> _Required work_: From the listing below, retype exactly the line holding "When plants were", the line holding "วันอังคารที่ 21 มีนาคม", and the lines between them; skip everything else.

> _Data extracts_:
§

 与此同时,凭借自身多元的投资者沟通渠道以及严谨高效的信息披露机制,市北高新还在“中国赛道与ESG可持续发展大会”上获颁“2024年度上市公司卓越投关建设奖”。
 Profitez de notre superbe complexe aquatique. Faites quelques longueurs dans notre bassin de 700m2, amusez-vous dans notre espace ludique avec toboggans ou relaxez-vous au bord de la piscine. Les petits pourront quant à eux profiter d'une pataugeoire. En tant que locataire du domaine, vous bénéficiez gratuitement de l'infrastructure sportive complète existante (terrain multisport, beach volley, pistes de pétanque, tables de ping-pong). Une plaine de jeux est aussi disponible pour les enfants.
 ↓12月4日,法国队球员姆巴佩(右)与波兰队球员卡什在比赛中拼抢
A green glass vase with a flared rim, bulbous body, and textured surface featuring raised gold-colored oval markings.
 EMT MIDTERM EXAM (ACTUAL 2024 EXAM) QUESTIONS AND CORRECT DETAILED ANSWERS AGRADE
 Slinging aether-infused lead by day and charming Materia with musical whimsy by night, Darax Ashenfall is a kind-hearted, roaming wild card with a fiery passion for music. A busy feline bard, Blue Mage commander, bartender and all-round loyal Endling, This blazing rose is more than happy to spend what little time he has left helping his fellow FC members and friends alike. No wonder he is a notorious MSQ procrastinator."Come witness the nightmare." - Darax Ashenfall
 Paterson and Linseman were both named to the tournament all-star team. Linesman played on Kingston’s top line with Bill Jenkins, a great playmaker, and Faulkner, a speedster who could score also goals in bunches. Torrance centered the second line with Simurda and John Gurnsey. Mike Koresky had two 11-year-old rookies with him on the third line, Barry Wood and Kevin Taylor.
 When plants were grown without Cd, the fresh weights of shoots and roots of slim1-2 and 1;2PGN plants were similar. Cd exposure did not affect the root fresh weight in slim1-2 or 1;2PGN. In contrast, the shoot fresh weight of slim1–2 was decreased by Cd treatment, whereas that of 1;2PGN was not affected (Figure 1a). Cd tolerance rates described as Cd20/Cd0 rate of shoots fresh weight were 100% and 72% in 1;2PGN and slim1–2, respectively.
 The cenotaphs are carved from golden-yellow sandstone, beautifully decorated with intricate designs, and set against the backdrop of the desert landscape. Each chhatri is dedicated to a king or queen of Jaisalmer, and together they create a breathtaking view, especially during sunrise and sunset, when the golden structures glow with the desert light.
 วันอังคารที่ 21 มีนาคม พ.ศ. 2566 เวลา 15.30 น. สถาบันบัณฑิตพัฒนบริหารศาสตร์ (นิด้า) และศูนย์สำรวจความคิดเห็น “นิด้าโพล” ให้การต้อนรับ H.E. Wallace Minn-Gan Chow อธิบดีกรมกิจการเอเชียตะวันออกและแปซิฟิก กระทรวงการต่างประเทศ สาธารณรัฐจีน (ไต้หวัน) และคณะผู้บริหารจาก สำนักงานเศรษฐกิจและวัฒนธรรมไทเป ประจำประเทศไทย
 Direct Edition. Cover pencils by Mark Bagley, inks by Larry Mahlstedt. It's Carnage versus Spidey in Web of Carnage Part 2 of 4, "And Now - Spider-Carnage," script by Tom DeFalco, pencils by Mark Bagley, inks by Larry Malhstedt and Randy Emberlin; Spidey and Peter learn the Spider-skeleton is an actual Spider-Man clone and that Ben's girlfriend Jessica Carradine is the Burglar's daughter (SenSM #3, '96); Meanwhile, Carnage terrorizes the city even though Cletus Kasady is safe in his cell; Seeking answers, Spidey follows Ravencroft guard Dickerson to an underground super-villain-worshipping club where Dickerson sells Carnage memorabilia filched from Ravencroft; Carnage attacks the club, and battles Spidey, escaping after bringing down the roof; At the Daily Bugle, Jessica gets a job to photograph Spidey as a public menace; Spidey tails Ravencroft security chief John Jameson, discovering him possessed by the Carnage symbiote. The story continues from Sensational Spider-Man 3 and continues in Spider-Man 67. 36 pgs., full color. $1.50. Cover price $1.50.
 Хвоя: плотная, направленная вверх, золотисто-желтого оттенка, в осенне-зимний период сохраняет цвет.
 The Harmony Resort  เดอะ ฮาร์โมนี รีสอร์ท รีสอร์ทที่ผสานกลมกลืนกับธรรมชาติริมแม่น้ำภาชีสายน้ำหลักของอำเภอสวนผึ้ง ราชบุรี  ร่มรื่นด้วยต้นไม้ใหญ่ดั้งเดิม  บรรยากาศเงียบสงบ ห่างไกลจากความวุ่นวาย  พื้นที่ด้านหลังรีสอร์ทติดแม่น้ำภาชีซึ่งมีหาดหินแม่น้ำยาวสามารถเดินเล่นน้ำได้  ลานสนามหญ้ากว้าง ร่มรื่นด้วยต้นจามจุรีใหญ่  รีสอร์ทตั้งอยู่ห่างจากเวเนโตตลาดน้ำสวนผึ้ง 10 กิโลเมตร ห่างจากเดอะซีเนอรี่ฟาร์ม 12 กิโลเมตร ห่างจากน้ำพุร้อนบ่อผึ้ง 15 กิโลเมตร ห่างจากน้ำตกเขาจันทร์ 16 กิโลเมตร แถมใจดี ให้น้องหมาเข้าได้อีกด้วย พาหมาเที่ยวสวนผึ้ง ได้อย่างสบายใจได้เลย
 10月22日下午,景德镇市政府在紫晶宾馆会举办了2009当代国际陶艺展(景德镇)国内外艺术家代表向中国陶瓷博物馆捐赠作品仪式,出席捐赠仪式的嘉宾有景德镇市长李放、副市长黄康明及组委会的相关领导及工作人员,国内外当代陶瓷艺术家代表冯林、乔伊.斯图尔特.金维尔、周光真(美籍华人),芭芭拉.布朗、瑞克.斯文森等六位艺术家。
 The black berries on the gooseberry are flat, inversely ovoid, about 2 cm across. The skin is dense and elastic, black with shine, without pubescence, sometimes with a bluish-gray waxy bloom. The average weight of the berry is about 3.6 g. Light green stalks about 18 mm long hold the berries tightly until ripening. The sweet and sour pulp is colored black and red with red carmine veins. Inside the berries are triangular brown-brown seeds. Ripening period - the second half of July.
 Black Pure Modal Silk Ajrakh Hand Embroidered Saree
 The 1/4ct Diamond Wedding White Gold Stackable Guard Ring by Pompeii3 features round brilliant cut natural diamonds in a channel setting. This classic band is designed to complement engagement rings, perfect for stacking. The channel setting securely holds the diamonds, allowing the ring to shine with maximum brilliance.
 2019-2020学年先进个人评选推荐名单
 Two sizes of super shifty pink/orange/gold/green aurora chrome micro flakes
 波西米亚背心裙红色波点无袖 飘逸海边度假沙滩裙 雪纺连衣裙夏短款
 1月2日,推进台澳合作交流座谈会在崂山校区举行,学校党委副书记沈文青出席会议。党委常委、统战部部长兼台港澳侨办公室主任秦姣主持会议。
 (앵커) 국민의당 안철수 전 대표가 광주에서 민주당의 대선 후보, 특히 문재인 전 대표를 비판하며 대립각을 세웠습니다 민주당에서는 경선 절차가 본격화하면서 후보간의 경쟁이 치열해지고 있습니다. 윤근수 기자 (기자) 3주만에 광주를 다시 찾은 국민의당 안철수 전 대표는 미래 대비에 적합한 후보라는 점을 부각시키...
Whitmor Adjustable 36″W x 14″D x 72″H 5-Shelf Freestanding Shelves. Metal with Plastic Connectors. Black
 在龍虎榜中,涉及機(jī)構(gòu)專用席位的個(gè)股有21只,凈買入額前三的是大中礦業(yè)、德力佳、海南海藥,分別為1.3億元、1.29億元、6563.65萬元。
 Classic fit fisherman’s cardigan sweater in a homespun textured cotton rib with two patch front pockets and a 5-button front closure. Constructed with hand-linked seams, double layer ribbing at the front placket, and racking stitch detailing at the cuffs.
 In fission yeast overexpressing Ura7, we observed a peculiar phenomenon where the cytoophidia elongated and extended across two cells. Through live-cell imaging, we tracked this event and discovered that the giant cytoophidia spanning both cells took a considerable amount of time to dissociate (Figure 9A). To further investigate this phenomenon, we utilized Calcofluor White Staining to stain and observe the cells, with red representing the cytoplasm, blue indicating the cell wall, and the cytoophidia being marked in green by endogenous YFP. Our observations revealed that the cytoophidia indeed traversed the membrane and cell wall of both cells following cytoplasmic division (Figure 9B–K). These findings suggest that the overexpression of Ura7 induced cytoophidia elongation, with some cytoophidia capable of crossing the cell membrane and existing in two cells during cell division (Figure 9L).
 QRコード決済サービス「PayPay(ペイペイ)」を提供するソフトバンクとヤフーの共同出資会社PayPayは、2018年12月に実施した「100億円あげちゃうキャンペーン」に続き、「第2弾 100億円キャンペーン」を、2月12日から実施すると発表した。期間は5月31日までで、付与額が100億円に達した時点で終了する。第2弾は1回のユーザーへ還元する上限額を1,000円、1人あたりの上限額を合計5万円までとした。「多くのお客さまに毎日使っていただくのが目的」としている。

§

> _Output_:
 When plants were grown without Cd, the fresh weights of shoots and roots of slim1-2 and 1;2PGN plants were similar. Cd exposure did not affect the root fresh weight in slim1-2 or 1;2PGN. In contrast, the shoot fresh weight of slim1–2 was decreased by Cd treatment, whereas that of 1;2PGN was not affected (Figure 1a). Cd tolerance rates described as Cd20/Cd0 rate of shoots fresh weight were 100% and 72% in 1;2PGN and slim1–2, respectively.
 The cenotaphs are carved from golden-yellow sandstone, beautifully decorated with intricate designs, and set against the backdrop of the desert landscape. Each chhatri is dedicated to a king or queen of Jaisalmer, and together they create a breathtaking view, especially during sunrise and sunset, when the golden structures glow with the desert light.
 วันอังคารที่ 21 มีนาคม พ.ศ. 2566 เวลา 15.30 น. สถาบันบัณฑิตพัฒนบริหารศาสตร์ (นิด้า) และศูนย์สำรวจความคิดเห็น “นิด้าโพล” ให้การต้อนรับ H.E. Wallace Minn-Gan Chow อธิบดีกรมกิจการเอเชียตะวันออกและแปซิฟิก กระทรวงการต่างประเทศ สาธารณรัฐจีน (ไต้หวัน) และคณะผู้บริหารจาก สำนักงานเศรษฐกิจและวัฒนธรรมไทเป ประจำประเทศไทย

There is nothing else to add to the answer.